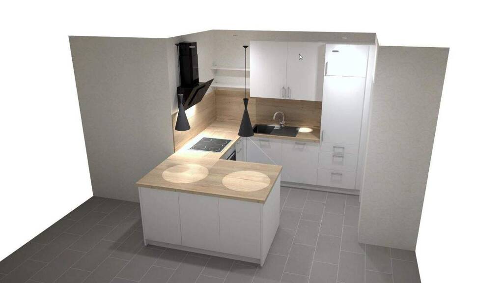 Der offene Wohn- und Essbereich mit integrierter Einbauküche bildet das Herzstück der Wohnung und schafft eine einladende, helle Atmosphäre.
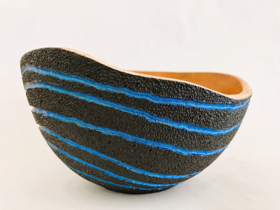 "Black Tiger" Using Yakisugi technique with carved flutes on Japanese Cedar which give the wood a three dimensional look of motion, several coats boiled linseed oil giving a rich golden colour, sealed with several coats of satin lacquer, 290mm diam X 250mm H
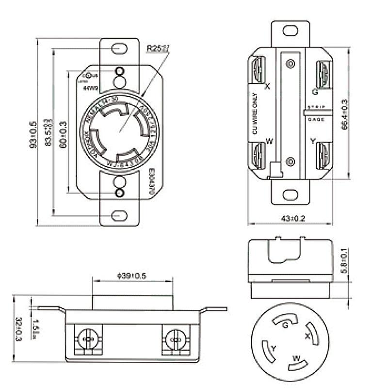 Toma de corriente industrial americana de cuatro orificios antiapagado L14-30R para generador, placa de enchufe para almacenamiento de energía estándar estadounidense
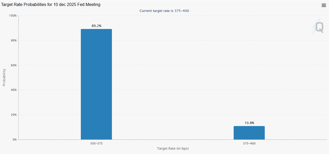 Čo sa týka akciového indexu S&P 500, Lee odhaduje hodnoty 7 200 až 7 300 bodov počas decembra. Všetka pozornosť sa sústreďuje na decembrové zasadnutie FOMC, kde sa očakáva jasné smerovanie budúceho znižovania úrokových sadzieb. Ak sa FED rozhodne pre zníženie sadzieb, mohlo by to ešte viac podporiť trhy a zvýšiť investičný apetít pre rizikové aktíva. Podľa CME Group 89,2 % investorov verí v zníženie o 25 bodov.
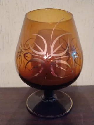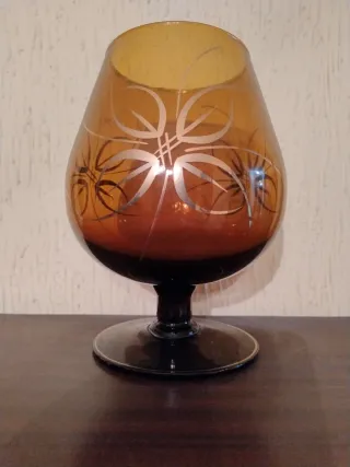Elegante copa de cristal con un bonito diseño grabado. - Color ámbar y detalles en dorado. - Material de cristal de calidad. Mide 23 cm de alto
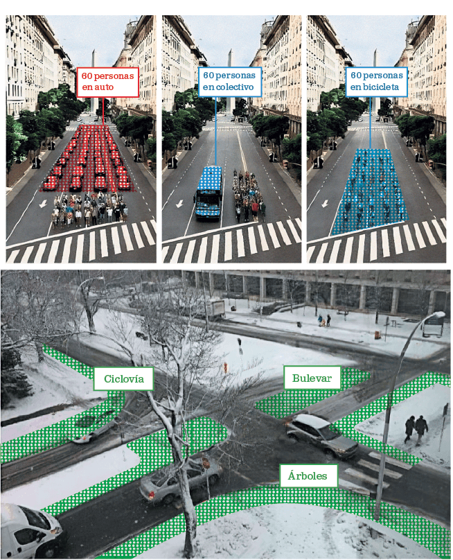 Los sistemas de transporte de alta capacidad y la movilidad activa pueden mover a una gran cantidad de personas de manera eficiente, ocupando un espacio mucho menor en comparación con la suma de autos individuales.
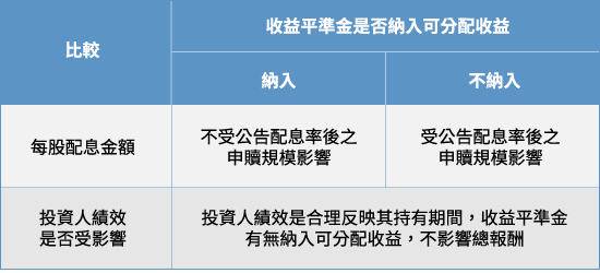 - 穩定ETF配息率,合理公平對待追求穩定配息之長期投資人:將收益平準金納入可分配範圍,經理公司之配息政策較不易受短期基金申贖干擾,可避免追求穩定現金流的投資人,被後期加入的新投資人瓜分配息,造成配息金額及配息率不穩定,可合理公平對待追求穩定配息之長期投資人。尤其對於規模小之ETF,穩定ETF配息率之效果更為顯著。
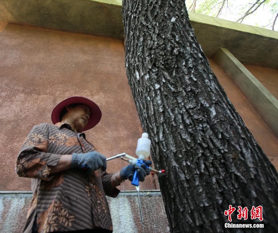 5月18日,河南郑州动物园,园林工人手持电钻,在杨柳树上钻出小孔,再注射进去药液。园林工人说,他们这是在为雌性杨柳树“避孕”。“郑州市动物园现有杨柳雌株近700株,柳树548株,杨树142株。每年这个时候,就会出现‘五月飞雪’的景象,不少游客都反映飞絮吸入呼吸道、飞入眼睛,对园区卫生环境和景观环境造成严重破坏。”为了抑制杨柳飞絮,动物园专门购买了一百余瓶“抑花一号”,也就是杨柳科植物的“避孕药”。据了解,“抑花一号”杨柳飞絮抑制剂采用树干注射的方法将该药别注入树干内,药液随蒸腾作用扩散到树冠各个部分,抑制杨柳树花芽形成,从而达到控制杨柳飞絮的目的。王中举 摄
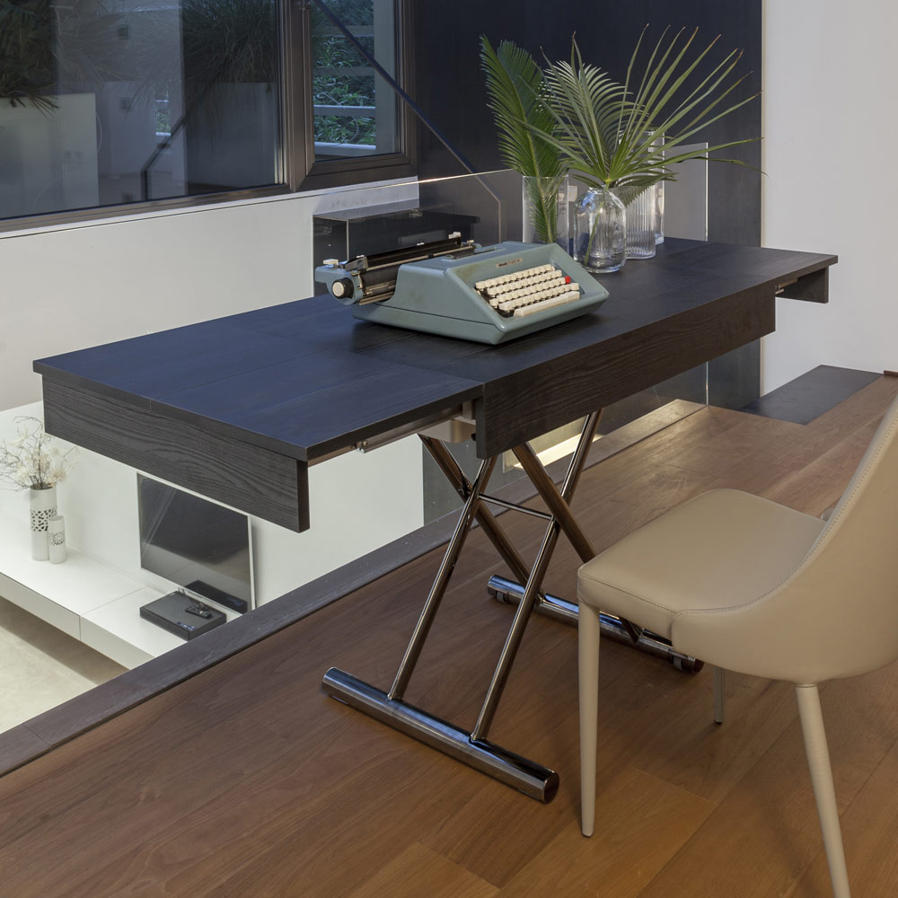 Mesita transformable en metal y con tapa de madera Made in Italy.
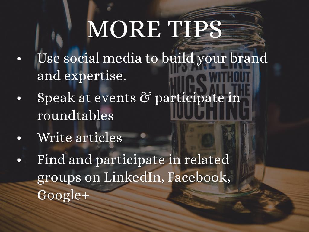 Find and participate in related groups on LinkedIn, Facebook, Google+

___

Exact repetition is the task: every line from the start of the data to the line with "- 穩定ETF配息率,合理公", inclusive, and none after it, pictures omitted.

 Der offene Wohn- und Essbereich mit integrierter Einbauküche bildet das Herzstück der Wohnung und schafft eine einladende, helle Atmosphäre.
 "Black Tiger" Using Yakisugi technique with carved flutes on Japanese Cedar which give the wood a three dimensional look of motion, several coats boiled linseed oil giving a rich golden colour, sealed with several coats of satin lacquer, 290mm diam X 250mm H
 Toma de corriente industrial americana de cuatro orificios antiapagado L14-30R para generador, placa de enchufe para almacenamiento de energía estándar estadounidense
 Čo sa týka akciového indexu S&P 500, Lee odhaduje hodnoty 7 200 až 7 300 bodov počas decembra. Všetka pozornosť sa sústreďuje na decembrové zasadnutie FOMC, kde sa očakáva jasné smerovanie budúceho znižovania úrokových sadzieb. Ak sa FED rozhodne pre zníženie sadzieb, mohlo by to ešte viac podporiť trhy a zvýšiť investičný apetít pre rizikové aktíva. Podľa CME Group 89,2 % investorov verí v zníženie o 25 bodov.
Elegante copa de cristal con un bonito diseño grabado. - Color ámbar y detalles en dorado. - Material de cristal de calidad. Mide 23 cm de alto
 Los sistemas de transporte de alta capacidad y la movilidad activa pueden mover a una gran cantidad de personas de manera eficiente, ocupando un espacio mucho menor en comparación con la suma de autos individuales.
 - 穩定ETF配息率,合理公平對待追求穩定配息之長期投資人:將收益平準金納入可分配範圍,經理公司之配息政策較不易受短期基金申贖干擾,可避免追求穩定現金流的投資人,被後期加入的新投資人瓜分配息,造成配息金額及配息率不穩定,可合理公平對待追求穩定配息之長期投資人。尤其對於規模小之ETF,穩定ETF配息率之效果更為顯著。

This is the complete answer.